→ **TASK DETAILS**: In the entries that follow, repeat exactly the lines from the one that has "Бизнесмен с ноутбуком на улице" through the one that has "SET TIRANTES +", but omit pictures.

→ **SOURCE DATA**:
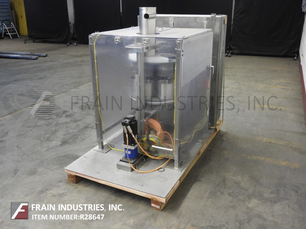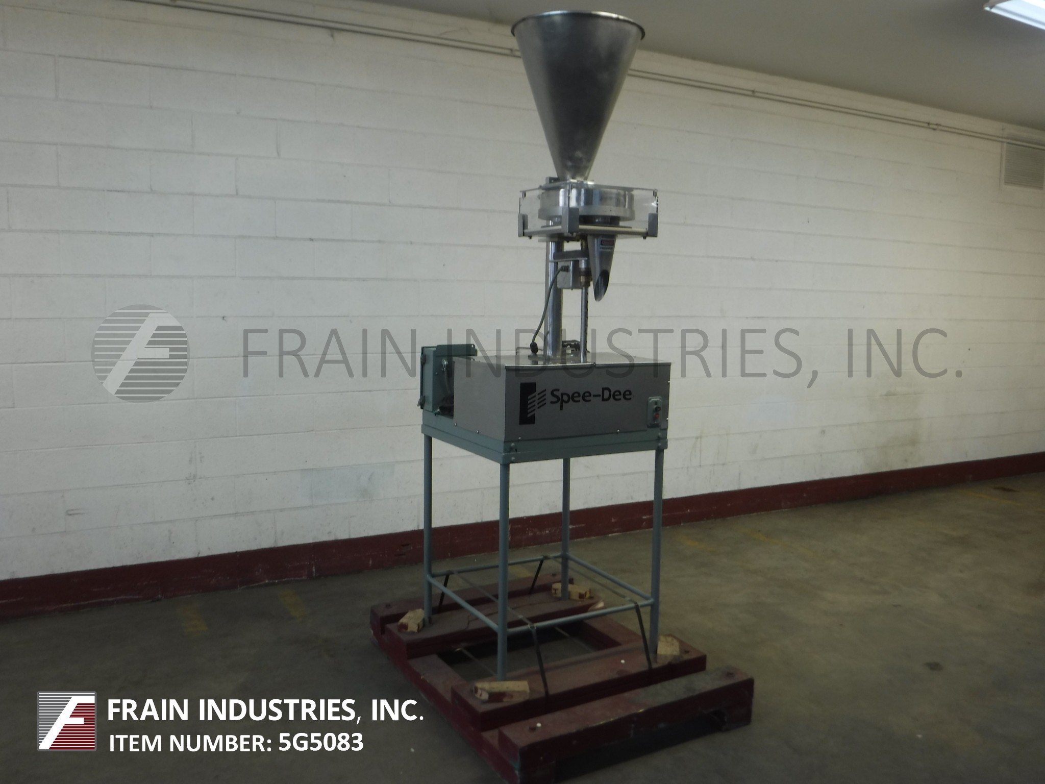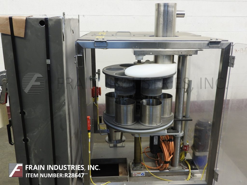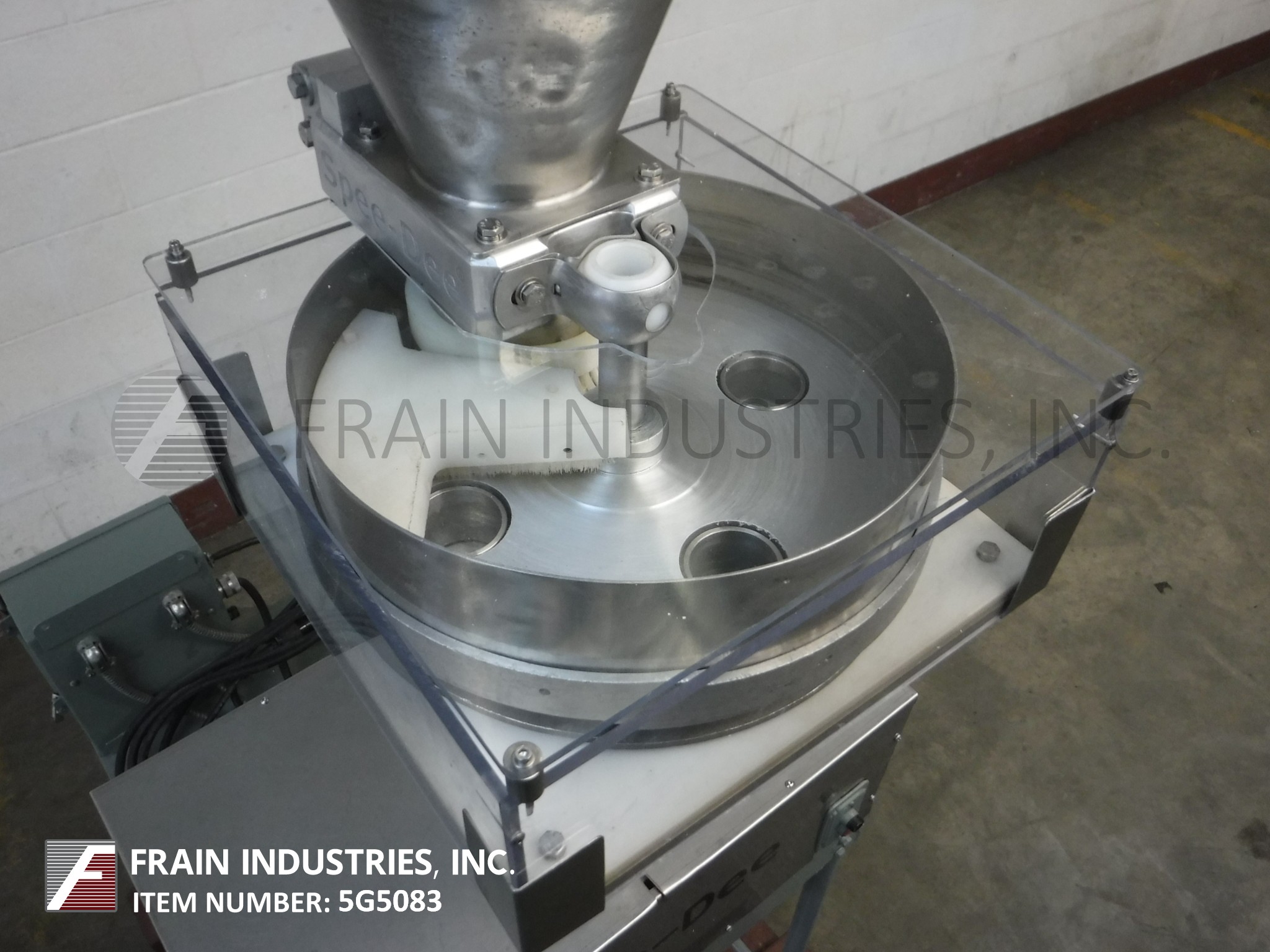 Spee Dee, CHS型,(4)袖珍不锈钢,伺服驱动,容量填料与数量的容器-取决于材料,应用和机器配置。罩杯尺寸范围:1.0"至6.0"直径;深度0.62至25"。填充范围:0.5到700立方英寸。配备20"外径x 26"深不锈钢产品料斗,16"外径板有(4)填充袋与产品水平刷,16"长产品排放溜槽与4½"外径产品开口,目前55"放电高度。控制面板有开/关电源开关,少/多音量开关,单指数和e-stop按钮。
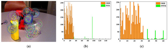 Extracted ORB feature points and feature histograms of ORBPFH and ORBFPFH at pixel (374, 373); the norm of PFH or FPFH here is 256. (a) Extracted ORB feature points; (b) ORBPFH feature histogram; (c) ORBFPFH feature histogram.
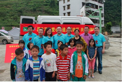 。ū乇虫(zhèn)小學(xué)鄧細(xì)芳老師和同學(xué)們與蒙牛愛(ài)心團(tuán)隊(duì)合影)
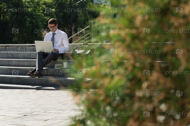Бизнесмен с ноутбуком на улице
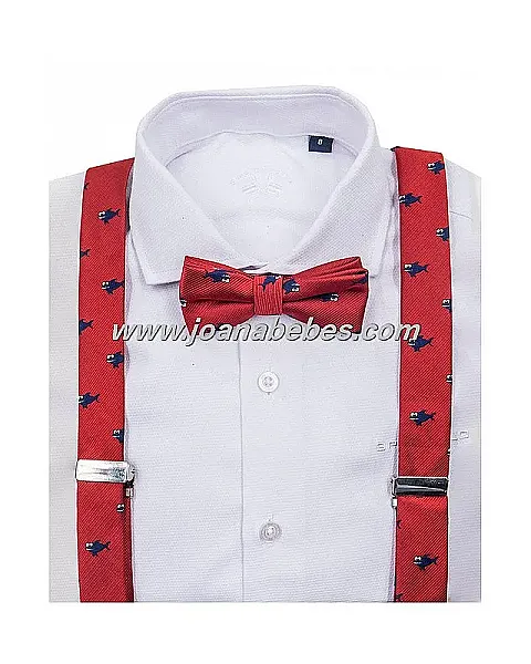 SET TIRANTES + PAJARITA JACQUARD, ROJA CON ESTAMPADO TIBURONES
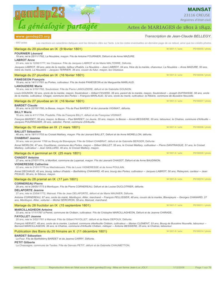 MAINSAT 23116 CREUSE Registres d'état-civil. Actes de MARIAGES de 1801 à 1842. www.gendep23.org : 683 actes Transcription de Jean-Claude BELLEGY. Les mentions en caractères italiques sont les témoins cités sur l'acte. Lire les notes éventuelles en dernière page de ce relevé, ainsi que les crédits photos. Mariage du 20 pluviôse an IX (9 février 1801) M-1801-1 / acte P6190005 / photo FOURNIER Léonard 19 ans, né le 25/11/1782, La Nouzière, maçon. Fils de Antoine FOURNIER, Défunt et de Anne MAZURE. LABROT Anne 23 ans, née le 12/06/1777, les Clozeaux. Fille de Jacques LABROT et de Marie MALTERRE, Défunte. Jacques LABROT, 69 ans, père de la mariée, tailleur d'habits, La Nouzière -- Jean LABROT, 34 ans, frère de la mariée, chanvreur, La Nouzière -- Anne MAZURE, 50 ans, mère du marié, La Nouzière -- Jacques TERRIER, 39 ans, cousin du futur, maçon, les Clozeaux. Mariage du 27 pluviôse an IX (16 février 1801) M-1801-2 / acte P6190006 / photo PANEGEON François 19 ans, né le 14/11/1781 au Portes, cultivateur. Fils de André PANEGEON et de Margueritte MARLAUD. LANOUZIERE Marie 18 ans, née le 3/10/1782, Soubrobost. Fille de Pierre LANOUZIERE, défunt et de Gabrielle GOUNON. Louis GOUNON, 52 ans, oncle de la mariée, maçon, Soubrobost -- Gilbert FAVARD, 38 ans, parent de la mariée, maçon, Soubrobost -- Joseph DUFRAISSE, 56 ans, oncle de la mariée, cultivateur, Chagot, commune des Portes -- François MARLAUD, 32 ans, oncle du marié, cultivateur, la Ribière, commune de Bussière Nouvelle. Mariage du 27 pluviôse an IX (16 février 1801) M-1801-3 / acte P6190007 / photo BARDET Claude 20 ans, né le 22/10/1780, la Besse, maçon. Fils de Paul BARDET et de Léonarde VIGINIAT, défunte. BILLY Marie 16 ans, née le 4/11/1784, Pradette. Fille de François BILLY, défunt et de Françoise VIGINIAT. François BARDET, 36 ans, maçon, la Besse -- Paul BARDET, Le Jeune, 55 ans, maçon, la Besse -- Annet BESSIERE, 55 ans, laboureur, le Chatras, commune d'Arfeuille -Jacques POURRADIER, 24 ans, sabotier, Perret, commune d'Arfeuille. Mariage du 10 ventôse an IX (1 mars 1801) M-1801-4 / acte P6190008 / photo BALLET Sébastien 46 ans, né le 19/11/1753 au Croiset Maillary, maçon. Fils de Léonard BALLET, Défunt et de Anne MORELLON, défunte. CHABRAT Jeanne 30 ans, née en janvier 1768 au Bourg de Blavepeyre. Fille de Gilbert CHABRAT, défunt et de Gabrielle BERGER, Défunte. Annet MORLON, 47 ans, Courtitaras, commune des Portes, maçon -- Gilbert BALLET, 55 ans, le Croiset Maillary, cultivateur -- Pierre DANTRAIGUE, 51 ans, le Croiset Maillary, cultivateur -- Jean GAILLARD, 40 ans, le Croiset Maillary, maçon. Mariage du 4 germinal an IX (25 mars 1801) M-1801-5 / acte P6190009 / photo CHAGOT Antoine 27 ans, né le 27/07/1774, à Montfort, commune de Lupersat, maçon. Fils de Léonard CHAGOT, Défunt et de Anne BAUDINON. VIGNERESSE Catherine 22 ans, née le 21/01/1779 au Machaboueix. Fille de Louis VIGNERESSE et de Anne POULAIN. Annet DECHAUD, 42 ans, bourg, tailleur d'habits -- Barthélémy CHANARD, 45 ans, bourg des Portes, cultivateur -- Jacques LABROT, 50 ans, Rebeyreix, cardeur -- Jean PICAUD, 38 ans, le Sibioux, maçon. Mariage du 28 prairial an IX (17 juin 1801) M-1801-6 / acte P6190010 / photo CORNEREAU Pierre 28 ans, né le 29/05/1773 à Montluçon. Fils de Pierre CORNEREAU, Défunt et de Louise DUCLOTRIER, défunte. DELAPORTE Jeanne 27 ans, née le 23/04/1772, Mainsat. Fille de Jean DELAPORTE, défunt et de Marie MAUNIER, Défunte. Antoine CORNEREAU, 67 ans, oncle du marié, Montluçon, Allier, marchand -- François PELLISSIER, 48 ans, cousin de la mariée, Blavepeyre -- Georges CHANARD, 27 ans, Montluçon, Allier, voiturier -- Michel SERCIRON, 38 ans, Mainsat, marchand. Mariage du 28 fructidor an IX (15 septembre 1801) M-1801-7 / acte P6190011 / photo MARCILLAGHEON Antoine 33 ans, né le 1/11/1767 à Perret, commune de Châtain, cultivateur. Fils de Cristophe MARCILLAGHEON, Défunt et de Jeanne CHIRADE. FAYOLLET Jeanne 20 ans, née le 3/02/1781 à Mainsat. Fille de Gilbert FAYOLLET, défunt et de Marie DEPOUX, Défunte. François HERVET, 48 ans, oncle de la mariée, Laubard, commune d4arfeuille Châtain, cultivateur -- Marien CLEMENT, 53 ans, Bourg de Bussière Nouvelle, laboureur -Bernard MARCILLAGEON, 36 ans, le Chatras, commune d'Arfeuille Châtain, métayer -- Antoine BESSIERE, 25 ans, le Chatras, laboureur. Publication des Bans du 20 frimaire an X (11 décembre 1801) M-1801-9 / acte P6190014 / photo BARDET Sébastien Le Four. Fils de Barthélémy BARDET et de Jeanne CARRY, Défunte. PETIT Gilberte La Chassagne, commune de Tardes. Fille de Gervais PETIT, défunt et de Gabrielle CHAUMETTON. www.gende23.org. Reproduction libre en l'état sous le label gendep23.org - Mise en forme Jean-Luc JOLY 1/12/2008 Page 1 sur76 76 Page 1 sur MAINSAT - 23116 -- Actes de MARIAGES de 1801 à 1842. Les mentions en caractères italiques sont les témoins cités sur l'acte. Lire les notes éventuelles en dernière page de ce relevé. Publication des Bans du 20 frimaire an X (11 décembre 1801) M-1801-8 / acte P6190014 / photo BARDET Barthélémy Maçon, le Four. Veuf de Jeanne CARRY. CHAUMETTON Gabrielle La Chassagne, commune de Tardes. Veuve de Gervais PETIT. Mariage du 16 nivôse an X (6 janvier 1802) P6190024 / photo BARDET Barthélémy Maçon, le Four, né au Fraisse, commune de Sannat. Fils de Thomas BARDET, Défunt, maçon, le Fraisse et de Anne COULAUD, Défunte. Veuf de Jeanne CARRY. CHAUMETTON Gabrielle La Chassagne, commune de Tardes, née à Rougnat. Fille de Antoine CHAUMETTON, Défunt, Beauregard, commune du Tromps et de Jeanne BARDET, Défunte. Veuve de Gervais PETIT. Jean CHAUMETTON, Frère de la mariée, meunier, moulin de Beauregard, commune du tromps, 53 ans -- Louis PARRY, Cousin du marié, Soubrobost, maçon, 45 ans -Léonard BERGER, Voisin du marié, Labrot, cultivateur, 36 ans -- Henry François ROUDAIRE, Bourg, propriétaire, 30 ans. Mariage du 16 nivôse an X (6 j
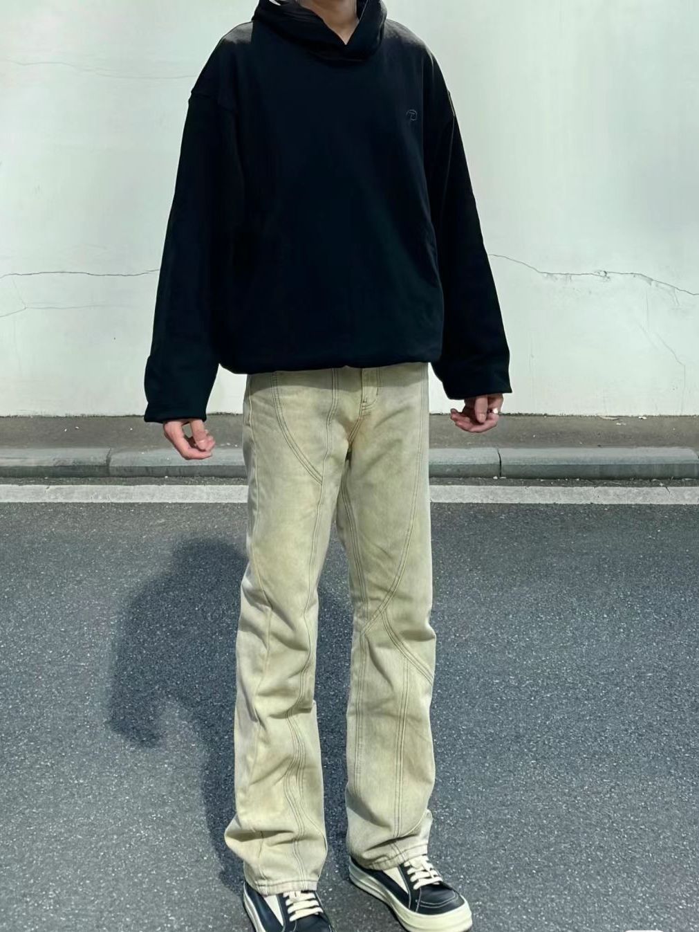 上身一条版型绝绝子的黄泥牛仔裤 好看又平价!!区别黑牛蓝牛 做旧颜色更特别 剪裁细节的加持让我忘不了多看两眼 搭配黑色基础简约的短款连帽卫衣 干净显比例秋冬通勤出门这么穿对了
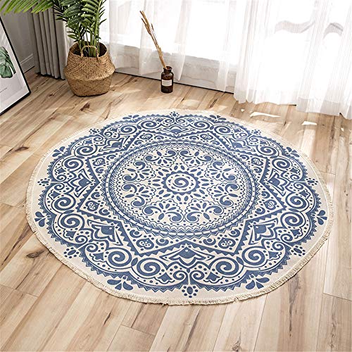 Nicole Knupfer - Tappeto rotondo con mandala, nappe in cotone, stile bohémien, boho, diametro 92 cm (H)
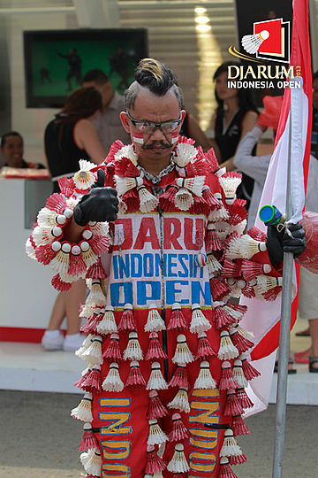 Salah satu pengunjung Djarum Indonesia Open Super Series Premier 2013 beratribut nyentrik untuk mendukung Mohammad Ahsan/Hendra Setiawan di final ganda putra.
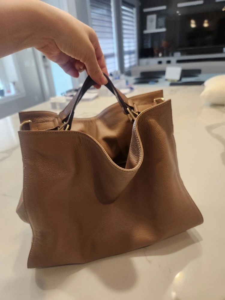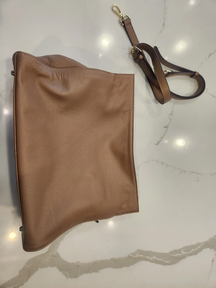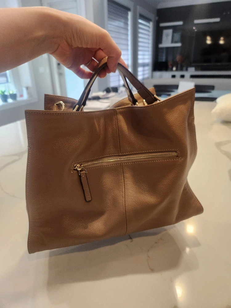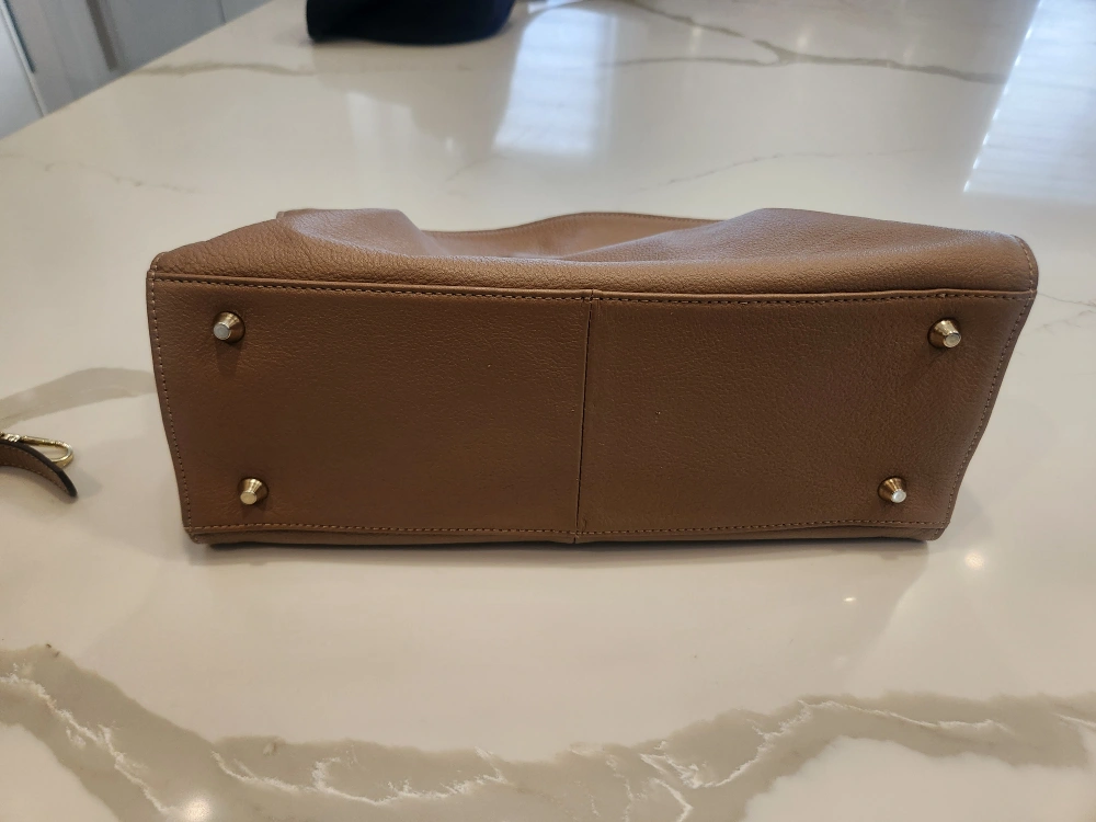 EUC Stylish calf leather handbag. Features top handles and a detachable shoulder strap. Light brown colour. Small zip pocket on the back. evoly & bloom, purchased at benatra for ~400$ cad - see receipt.
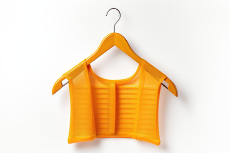 Yellow Shirt Hanging on a Hanger. A vibrant yellow shirt is seen hanging on a sturdy plastic hanger against a plain white background. The shirt is neatly displayed showcasing its bright color.

→ **THE COMPLETED TASK**:
Бизнесмен с ноутбуком на улице
 SET TIRANTES + PAJARITA JACQUARD, ROJA CON ESTAMPADO TIBURONES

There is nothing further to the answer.